Short Term, Illiquid
32k in rental, off a property worth 650k. this property has high taxes, maintenance and hoa, so i actually only clear 18k in profit. but the demand is also very high and i’ve never even had it sit empty for more than a month.

0-3k in potential rental income, off the house i will soon be living in, worth 250k. (i know primarily residence doesn’t usually generate an income, but i bought a 3br/2bath house even though i’m just one guy ‘cause i would like a house mate if possible, and also why i estimated this at 3k a year which i think i can probably fill relatively easily).

Short Term, Liquid
22k in dividend income, off of a 300k investment in stocks that i picked primarily for income purposes only. (REITs, MLPs and some more conservative picks to balance out the riskier stuff)

Short Term Total, basically i think i can generate about 54k off of about 1.2 million ish worth of assets. (yield would be about 4.5%, close enough to the 4% rule i think) My regular, non optimized burn rate is somewhere between 30 to 35k (this is including the 14k in upkeep for my rental property).

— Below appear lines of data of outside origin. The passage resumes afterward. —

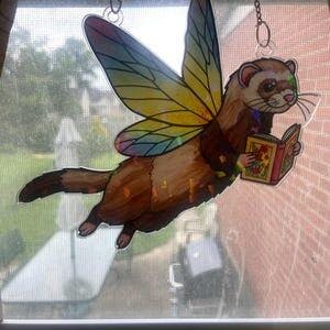 Fairy Ferret Reading Hologram Acrylic Window Decor, Cute Ferret Bookish Gift, Reading Lover Decor, Ferret Lover Gift, Gift For Book Lover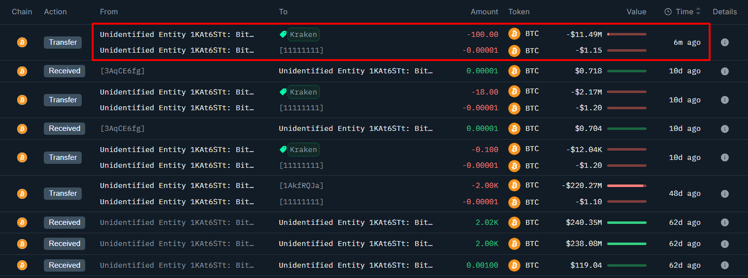 深潮 TechFlow 消息,10 月 13 日,据链上分析师 Onchain Lens(@OnchainLens)监测,一位比特币早期持有者在近期抛售中获利超过 1.85 亿美元后,再次向 Kraken 交易所转入 100 枚 BTC,价值 1149 万美元,疑似准备出售。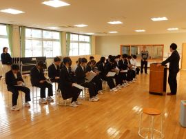 生徒の代表は、「毎日やっていることに色味を付けて一生懸命頑張っていかないといけないと思いました。」という感想を述べていました。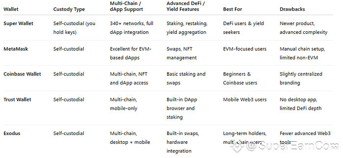 尽管如此,Super Wallet的创新性、扩展性及收益导向架构,使其成为2025年最先进的Web3钱包。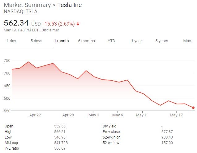 電動汽車巨頭特斯拉自 4 月 26 日發佈一季報以來便進入下行通道,截至本週二收盤股價累跌近 22%,更是較 1 月所創逾 900 美元的歷史新高回落近 36%,週三該股再跌 3%。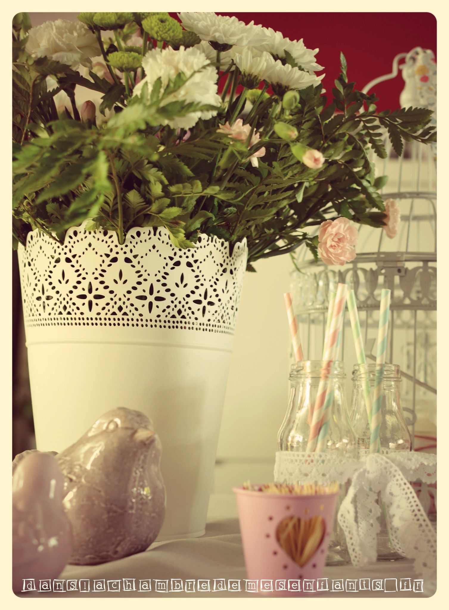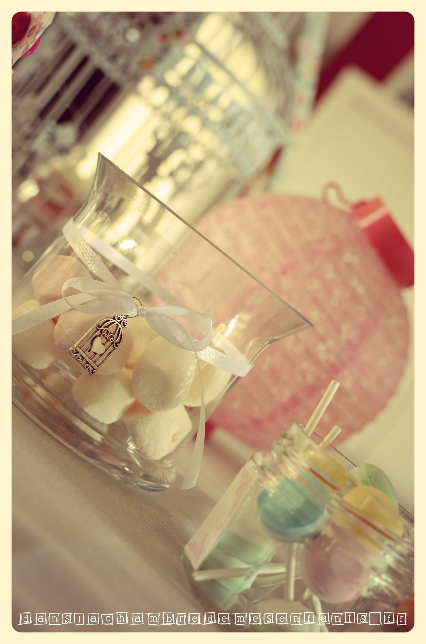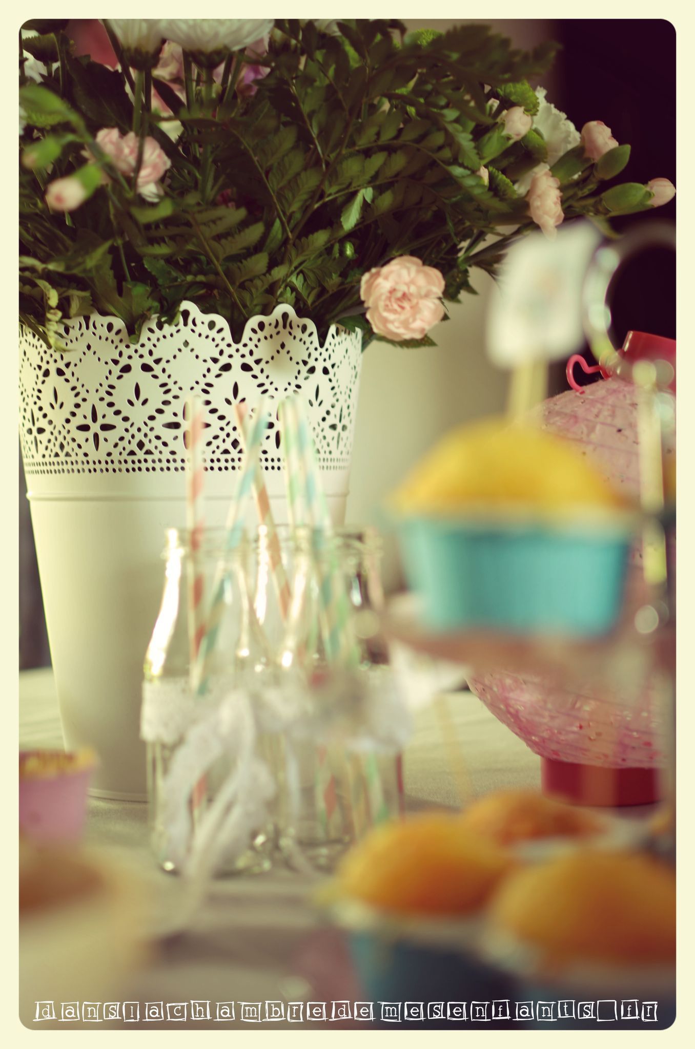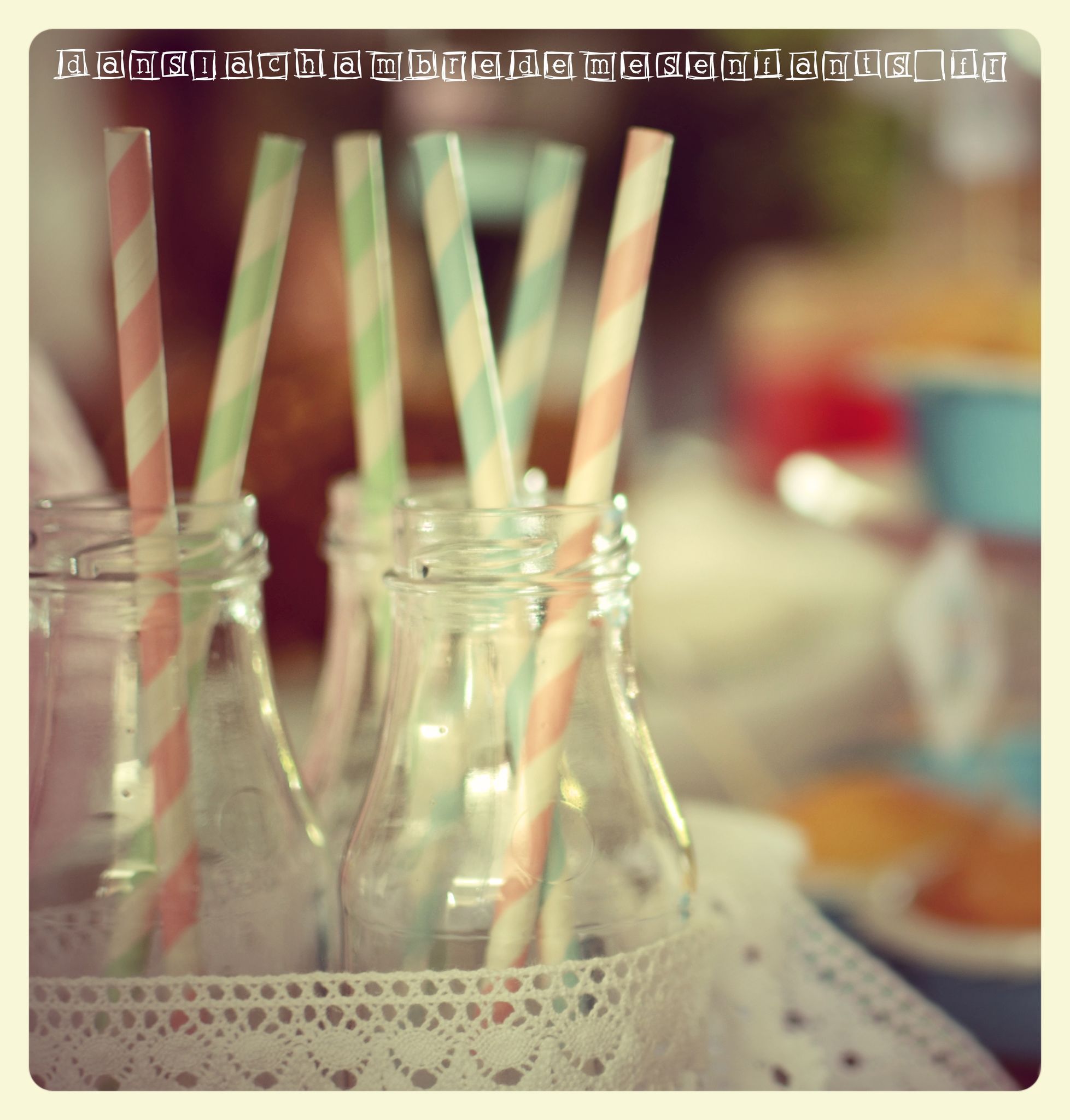 - des bouteilles en verre, plus petites, rassemblées par un ruban de dentelle et avec des pailles en papier aux couleurs pastel

So i think a 22k buffer should be more than enough extras like traveling or what not that i don’t do enough of currently.

will probably hold 25k in cash as well. at the moment i also have a car that i barely drive, but i plan on selling that before i relocate, that might net me another 10k in cash.


Long Term

300k in 401k/IRA - in some index funds (midcap and emerging markets), won’t touch it, don’t need to. this is totally illiquid
200k in home equity in the apt i live in right now. I plan on selling this place when i leave, not to make money but mainly so i don’t have to deal with two different rentals on opposite coasts. after paying the commission this might end up more like 150k. also illiquid ’til its sold
100k in vanguard index fund (snp500)- just started indexing in a regular brokerage this year
700k in company stocks - this is an estimate, and only if i stay 7 more months.. technically i work for a snp500 company right now so really i’m just extremely overexposed in this category.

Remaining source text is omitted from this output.